Task item: If an entry holds a picture, leave the picture out and output everything else exactly.

┄┄┄┄┄┄┄┄┄┄

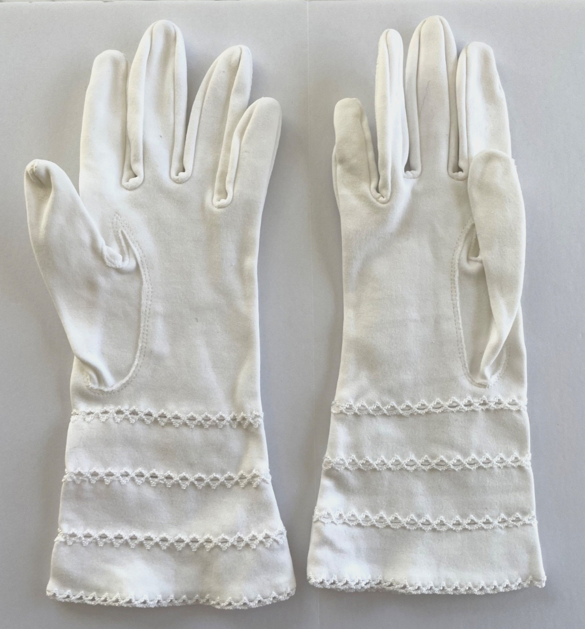 Vintage White Wrist Gloves With Cut Outs Embroidered Details- Sz 6 1/2
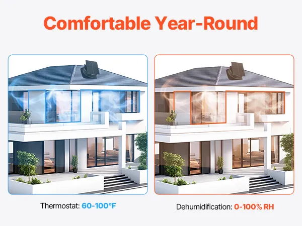Controllo intelligente della temperatura e dell'umidità: il controller integrato regola automaticamente la ventola di scarico del tetto in base alla temperatura e all'umidità. Goditi il comfort tutto l'anno, con rilevamento del fumo aggiuntivo che spegne la ventola per sicurezza
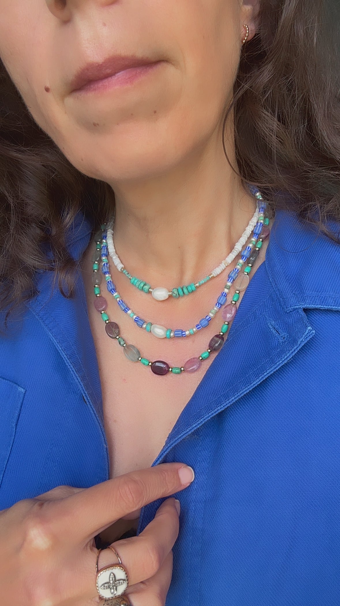 Des colliers aux nuances de bleus et perles marinières parfaits pour porter après la plage et pour les soirs d'été. Grosses perles d'eau douce blanches ou gris foncé ou perles ovales en fluorite viennent compléter la gamme pour rappeler l'élément mer.
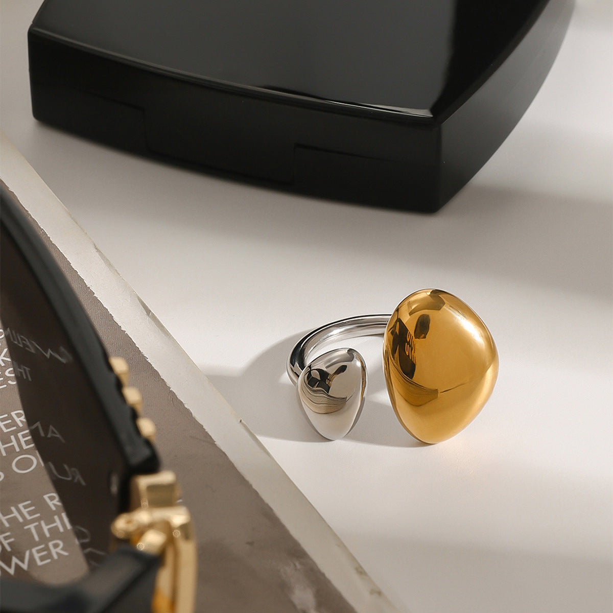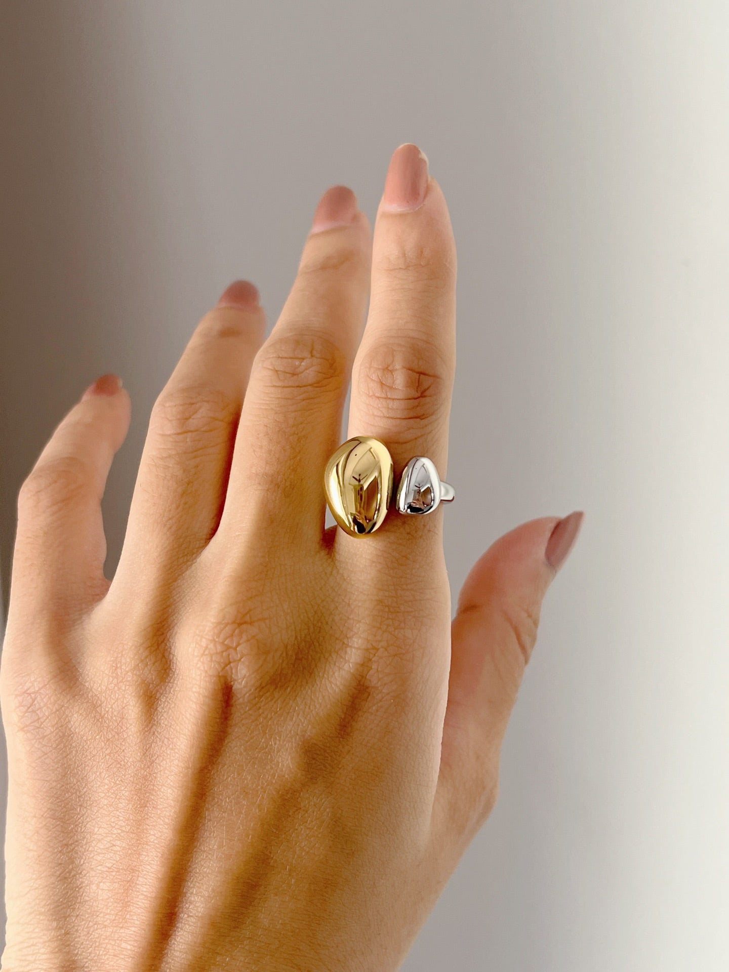 This is a two tone side adjustable ring. Be a part of the mix metal trend.
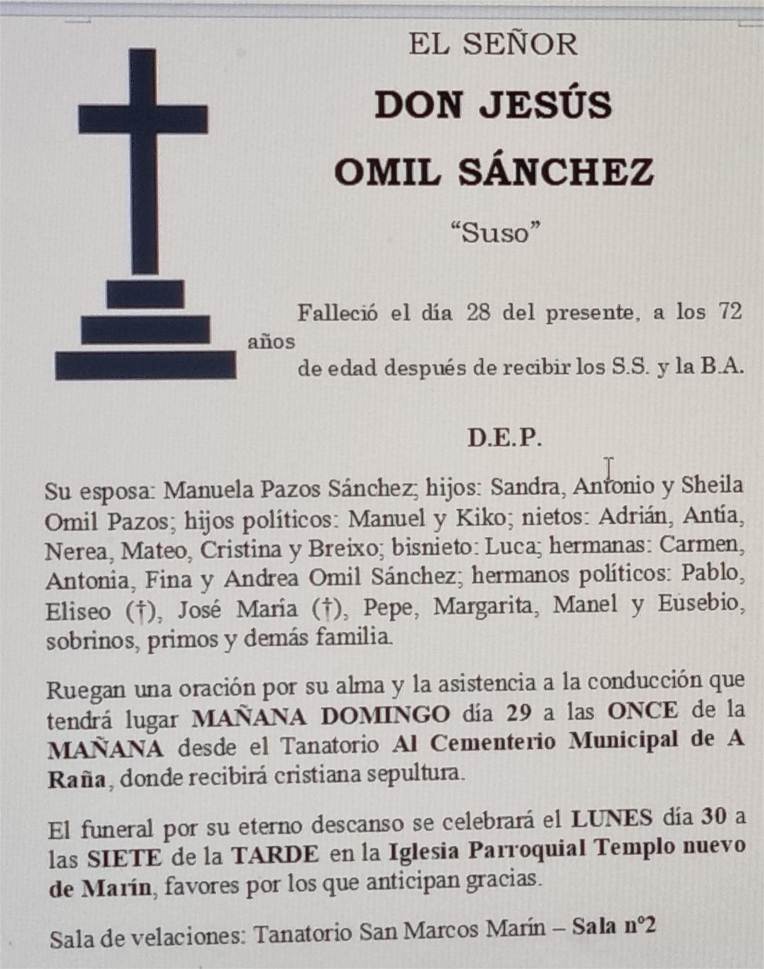 La funeraria LA FE comunica el fallecimiento hoy, día 28 de junio, de don JESÚS OMIL SÁNCHEZ cuyos restos mortales permanecerán en el Tanatorio SAN MARCOS, de Marín, sala nº 2, hasta el momento de su traslado, MAÑANA domingo día 29 de junio, a las once de la mañana, para su inhumación en el cementerio municipal de A Raña .
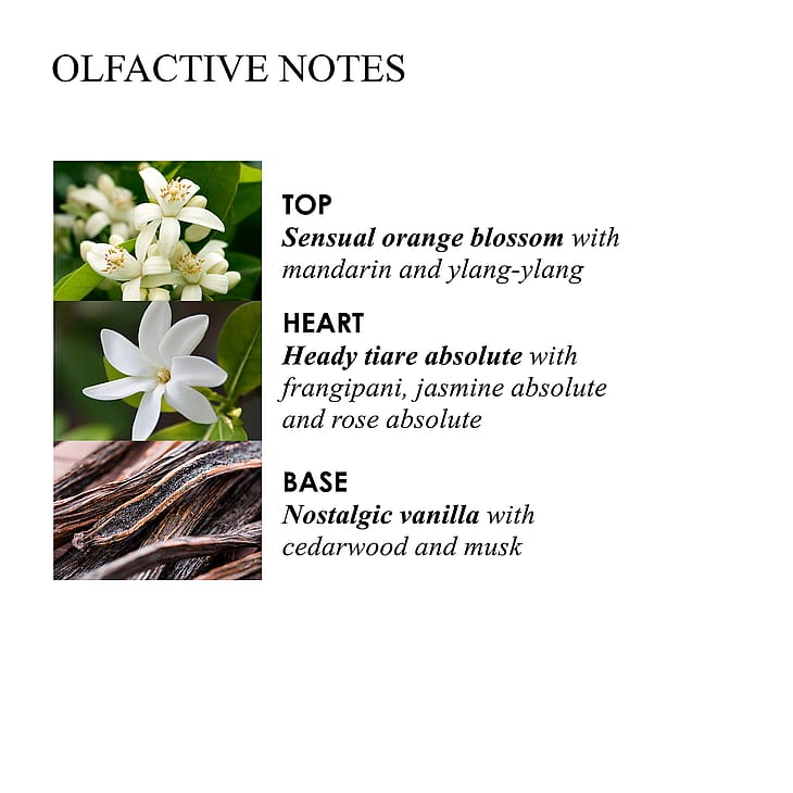 Et hjerte af den polynesiske frangipani, ren jasmin og ren rose.

┄┄┄┄┄┄┄┄┄┄

Written reply:
 Vintage White Wrist Gloves With Cut Outs Embroidered Details- Sz 6 1/2
Controllo intelligente della temperatura e dell'umidità: il controller integrato regola automaticamente la ventola di scarico del tetto in base alla temperatura e all'umidità. Goditi il comfort tutto l'anno, con rilevamento del fumo aggiuntivo che spegne la ventola per sicurezza
 Des colliers aux nuances de bleus et perles marinières parfaits pour porter après la plage et pour les soirs d'été. Grosses perles d'eau douce blanches ou gris foncé ou perles ovales en fluorite viennent compléter la gamme pour rappeler l'élément mer.
 This is a two tone side adjustable ring. Be a part of the mix metal trend.
 La funeraria LA FE comunica el fallecimiento hoy, día 28 de junio, de don JESÚS OMIL SÁNCHEZ cuyos restos mortales permanecerán en el Tanatorio SAN MARCOS, de Marín, sala nº 2, hasta el momento de su traslado, MAÑANA domingo día 29 de junio, a las once de la mañana, para su inhumación en el cementerio municipal de A Raña .
 Et hjerte af den polynesiske frangipani, ren jasmin og ren rose.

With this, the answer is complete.